The next two lines show how to calculate price volatility

```
    .withColumn("price_returns_log", log(col("price") / lag("price", 1).over(w)))
    .withColumn("price_volatility_rolling", stddev("price_returns_log").over(Window().orderBy("date").rowsBetween(-30, 0)) * sqrt(lit(365) / lit(30))) 
```

Because Bitcoin is such a volatile stock, we want to look at the 30 day rolling volaility, because Bitcoin goes through short market cycles with strong volatility changes. Volatility is typically measured via log returns, and log returns is the log(price - prev_price). Using log laws, we can simplify this to log(price / prev_price), which is what the first line of code is showing. Then, we take a 30-day rolling standard deviation of log returns, and multiply by the annualization factor. Typically, this should be `sqrt(# of trading days) / (rolling window))` where the numerator is usually 252. However, since Bitcoin trades every day, we have an annualization factor of 365 / 30. 





Now that we have our net position change and price volatility, we can look at the relationship between the two variables.
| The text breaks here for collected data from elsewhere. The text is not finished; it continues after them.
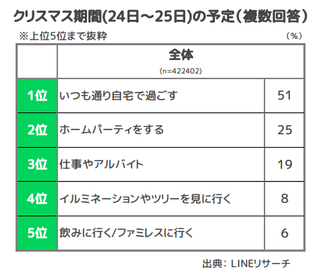 20代独身男性の約4割が「クリぼっち」!?LINEリサーチ、2018年「クリスマスの過ごし方」調査を実施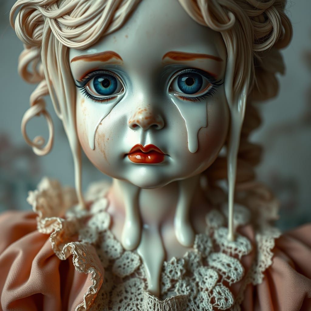 This haunting portrait of a porcelain doll captures a surreal, dreamlike quality as her delicate face melts into a swirling vortex of pastel-colored wax, evoking the eerie, abstract beauty of Dalí-esque landscapes.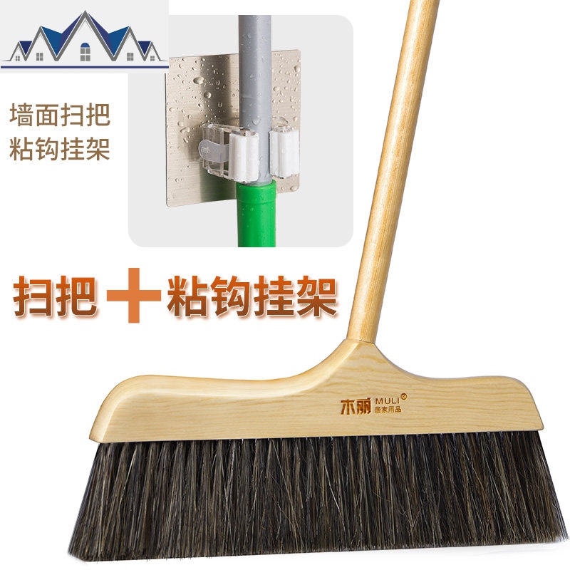 扫地笤帚猪鬃毛扫把簸箕套装家用单个扫帚组合软毛扫头发刮水神器_9_518 木柄扫把+粘钩挂架¥52.00热销中 -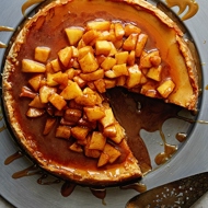 When serving, drizzle the cheesecake with caramel sauce. Optionally, you can garnish with mini apples and nuts.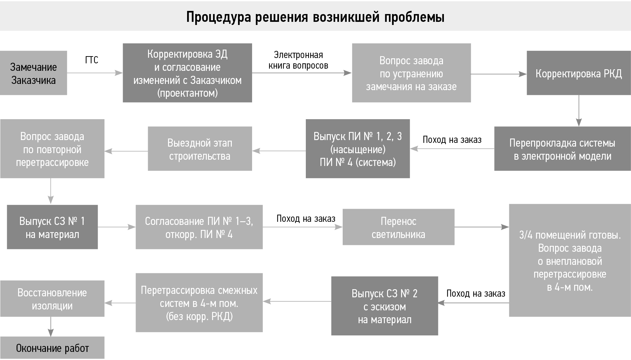 28.02 (ср.) ― 13.03 (ср.) | Перетрассировка смежных систем в помещении (строителями принято решение «выполнить без корректировки рабочей конструкторской документации») |

In the short-term wave, we see a very slight positive relationship between the monthly wave position change and price volatility. This confirms our initial hypothesis, which was that as the short-term wave gets larger, price volatility increases. The mid-term wave has a very flat, almost no relationship, and the long-term wave has a relatively strong negative correlation. This is fascinating because it shows that there is another relationship we didn’t account for the negative correlation between long-term waves position change and price volatility. This implies that as more people HODL for longer periods, price volatility decreases as well, which is logically sound.  This means we now have two features we can use as features to predict price volatility, as any correlation can be utilized as feature inputs into a price volatility model.


### Conclusion

Feature engineering is the first step in machine learning, as we need strong features to have strong predictive models. By showcasing two commonly used feature engineering techniques, we hope you can feel inspired to investigate similar theories or hypotheses using AmberLens data. In the next part, we will go over how we can use some of these features to build basic trading strategies that leverage these metrics for trading.